Although security risks in Basra province and to the offshore oil platforms are reducing, the analyst said. However, it noted that the building of Iraqi Navy capability has encountered delays, including slippage in the delivery dates of Malaysian and Italian patrol vessels.
At the start of 2008, some of Iraq's ports had been infiltrated by rival militias vying for control of Basra province and oil smuggling operations.
Fighting between the groups led to routine blockages of access to oil fields and ports.
Crucially, the perimeter of Umm Qasr, Iraq's only blue water port and the entry point for 80% of its imports, was secured when Iraqi government military forces removed the Mehdi Army militiamen who had assumed control.

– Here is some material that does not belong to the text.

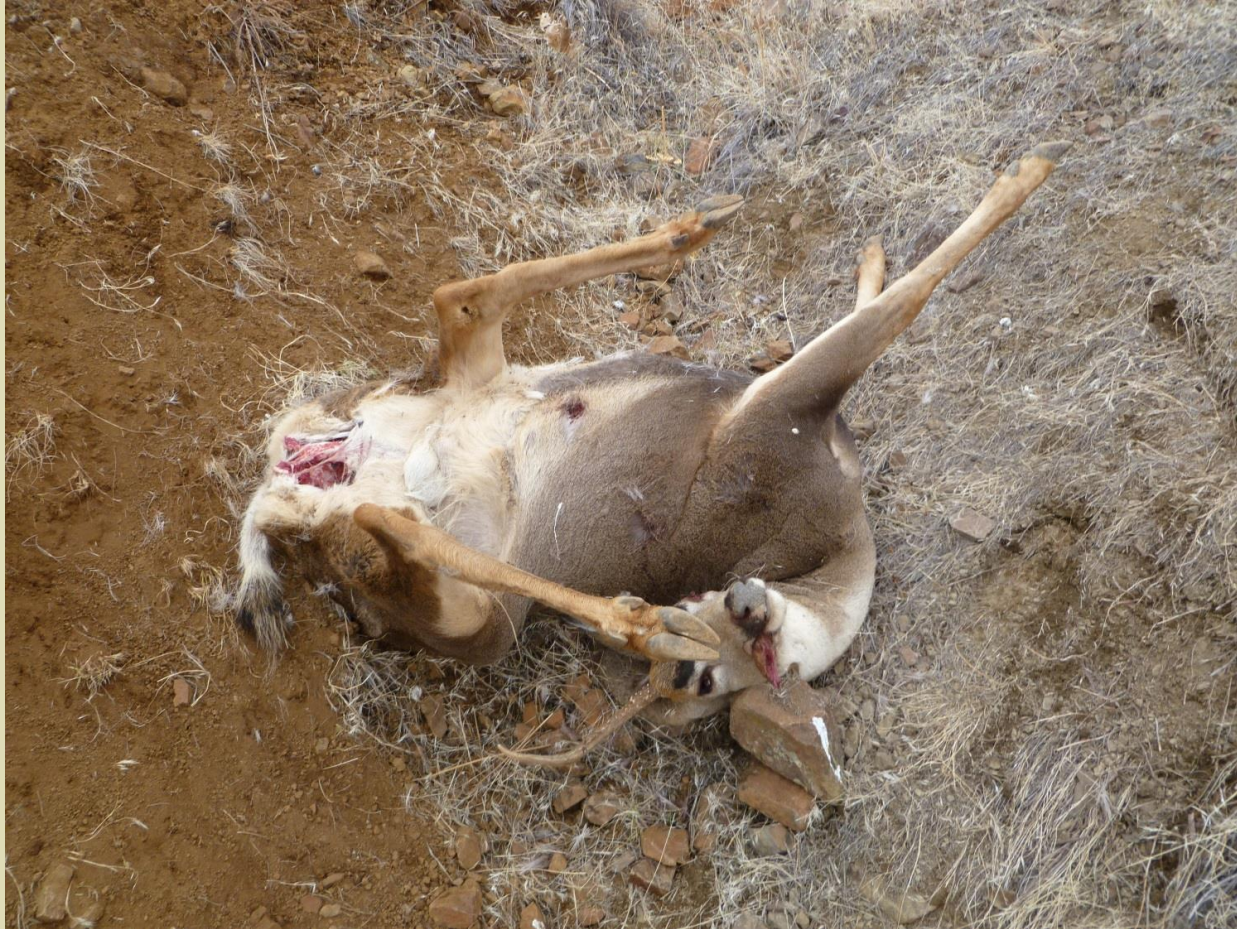
Two-point dumped off the cliff.

Key port administrators were dismissed and Iraqi marines were deployed as part of the security crackdown. The capability of the Iraq Navy, which operates from Umm Qasr port, was bolstered by the delivery of US patrol boats.
However, a projected increase in the capabilities of the Iraqi Navy, including the delivery of new patrol vessels from Italy and Malaysia, has been delayed, in part due to arguments over the cost of the vessels and mechanics of transferring money, which is likely to extend into 2009.
The new vessels will enable the Iraqi Navy to carry out more patrols, which have already increased by almost 100% since the start of the year.
In April, the Iraqi Navy assumed responsibility for protection of the Khawr al-Amaya oil terminal (KAOT) and the al-Zubayr port. Currently one Iraqi Navy marine battalion defends the two oil terminals.
"However it is the al-Basrah oil terminal (ABOT) that is most vulnerable, given that it is the only functioning oil platform," EA said, noting that the terminal is still at risk to attacks by small boats operated by insurgents or Iranian Revolutionary Guards, despite the Coalition naval presence.
Although security issues remain a concern, they are being replaced by infrastructural limitations as the primary risks facing Iraq's six commercial and oil transit ports on the Persian Gulf, EA said.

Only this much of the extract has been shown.